Well, it is a lot more than those things when it comes to properly running a business. So much so that an important tool of management has become the “inventory turns calculation.”

“Inventory turns” is another way of saying turnover and the calculation will usually tell a lot about the fortunes of a business.

The inventory turns calculation, it is worth repeating, is a key way for a company to manage inventory.

The calculation, which is a relatively simple one if you have the required information at hand, is the annual cost of goods (what was paid for the goods) divided by the average inventory level.

It is often done at the beginning and middle of each month, although some companies do it on a daily basis.

What It Really Means

A lower turnover rate may point to possible problems that require prompt consideration, such as overstocking, product defects, obsolete items or faulty marketing.

A higher turnover rate may point to insufficient inventory

Inventory accounts for a major chunk of a company’s working capital

Consequently, if there is a low turnover, a company is tying up a significant portion of its cash in an asset that may not be easy to liquidate in the short-term.

Decision making regarding the ideal inventory turns for a company will take into account the average gross margin that comes from the sale of the products.
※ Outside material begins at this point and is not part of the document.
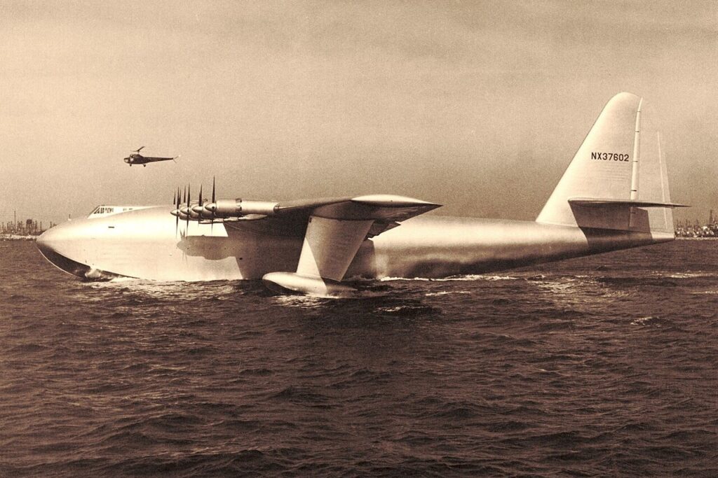 Feito de madeira compensada e avaliado em 23 milhões de dólares na época, o avião chegou a 161 km/h e a 21,3 metros de altura, em um voo que percorreu 1,6 km. Apesar de ter sido um momento histórico, o avião nunca mais conseguiu decolar, enterrando os planos de Hughes para ele fosse usada para transportas tropas e equipamentos durante a guerra.
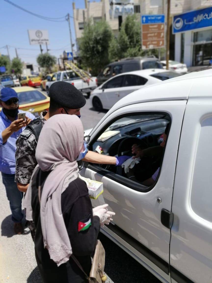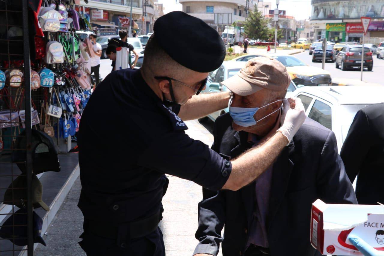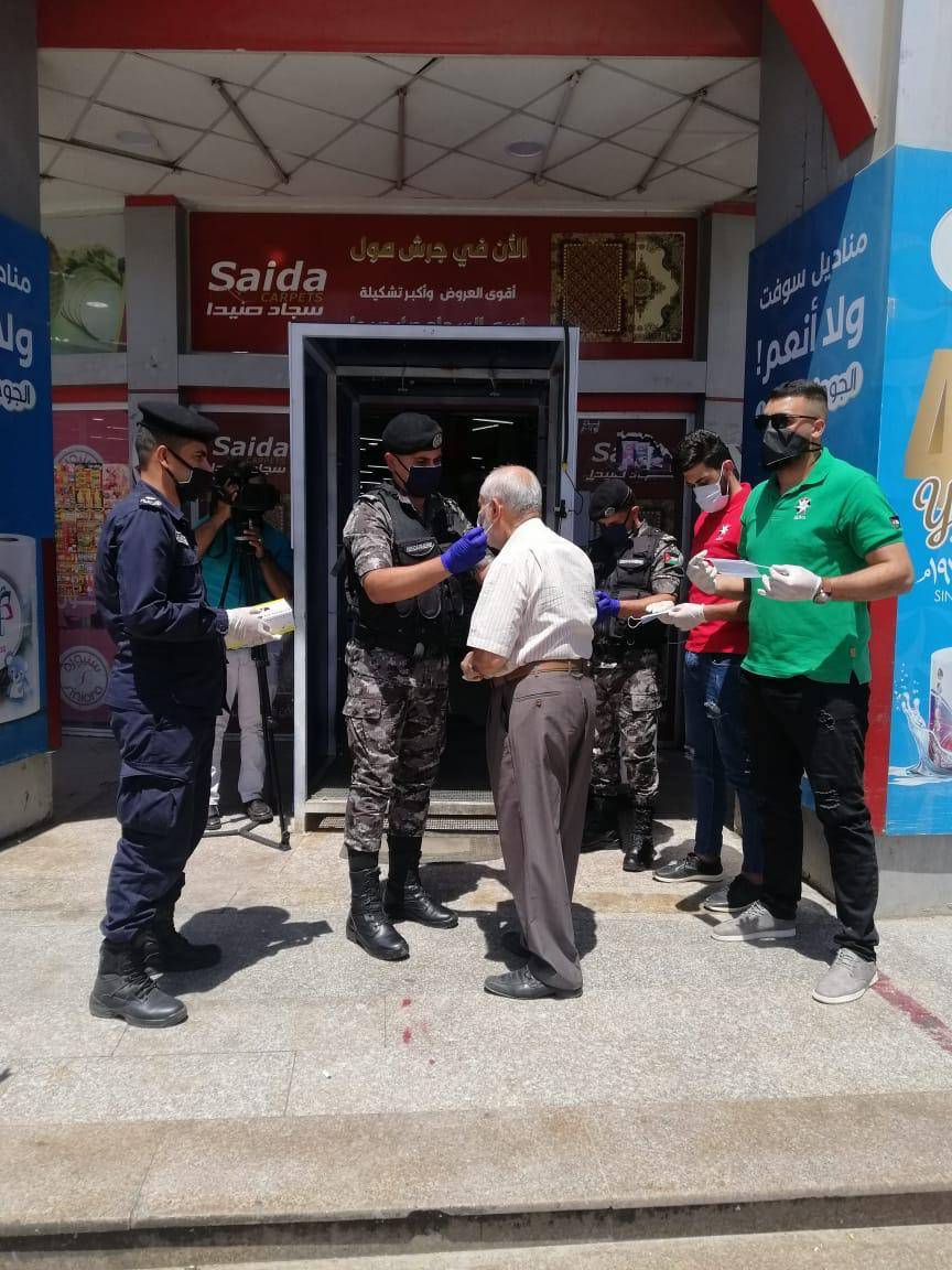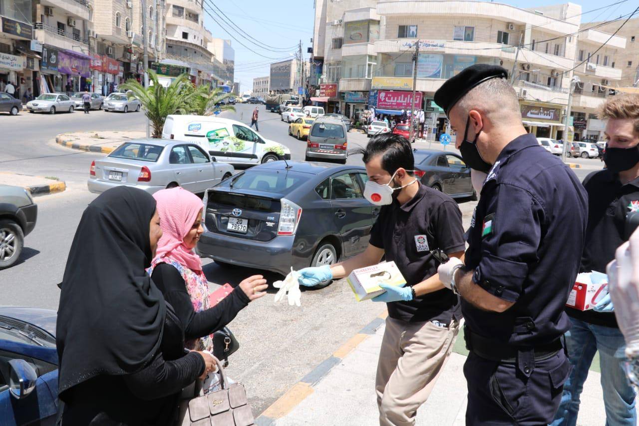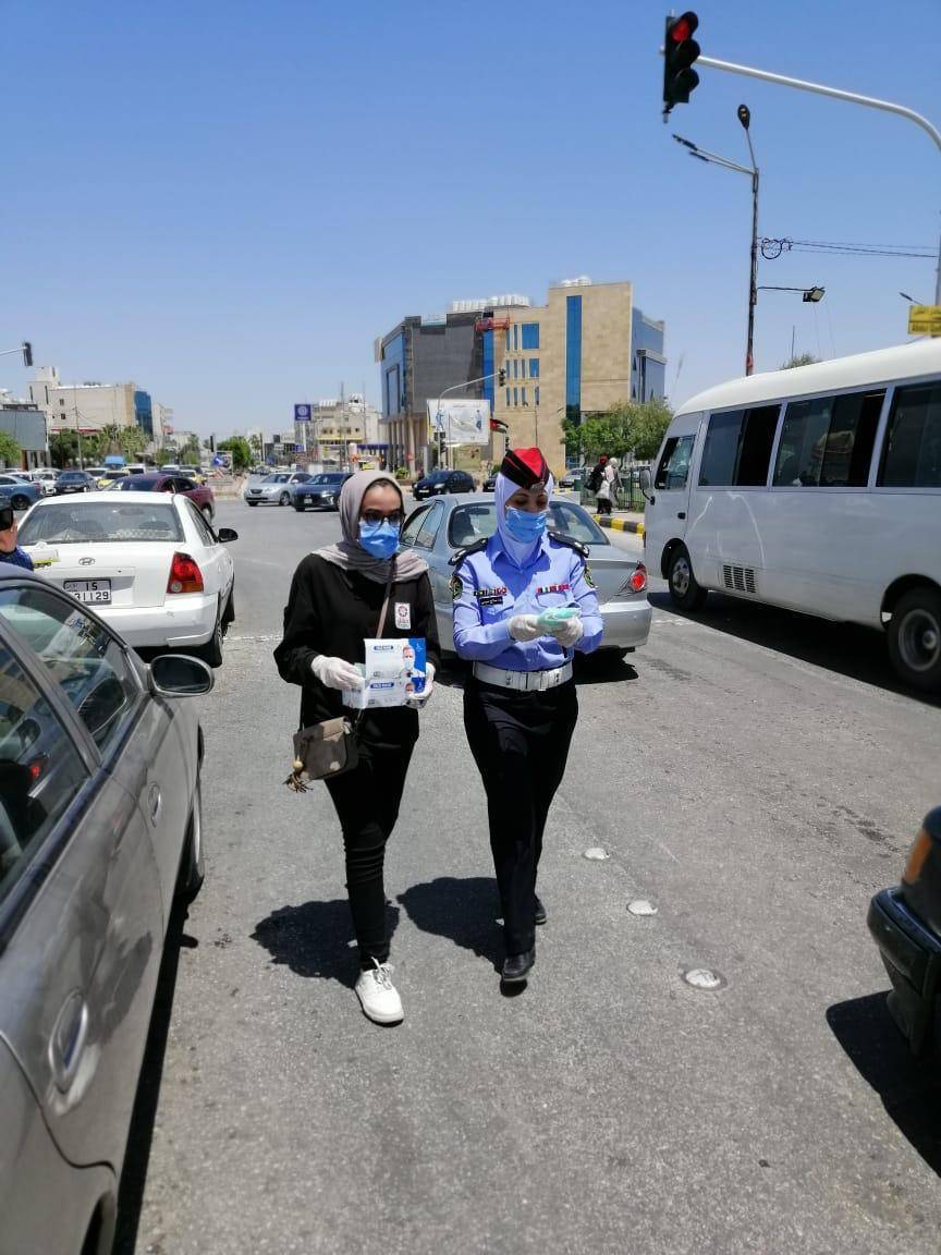 وتوزعت فرق من ضباط وأفراد الشرطة المجتمعية يرافقهم مجموعة من فرسان وفارسات مبادرة حقق إحدى مبادرات مؤسسة ولي العهد ، في الأماكن العامة في مختلف محافظات المملكة حيث قاموا بتوزيع أدوات السلامة العامة من كمامات وكفوف على المواطنين وتحفيزهم على ارتدائها وتوعيتهم بضرورة الاستمرار بالحفاظ على النصائح والإجراءات الصحية .

The higher the gross margin, the lower the inventory turns can be. On the flip side of the coin, a lower gross margin calls for a higher turnover.

However, there is a slight twist to this logic. The annual turnover rate does not suggest that every item in stock will turn over at the same rate. Some go faster than others and some may eventually become dead stock.

A very well-managed company may even calculate turnover for every product it possesses. This will provide some clarity as to the company’s return on investment.

Remember, while inventory turns calculation is just one tool of measurement, when coupled with other measurements it helps paint an accurate picture of where the company is heading.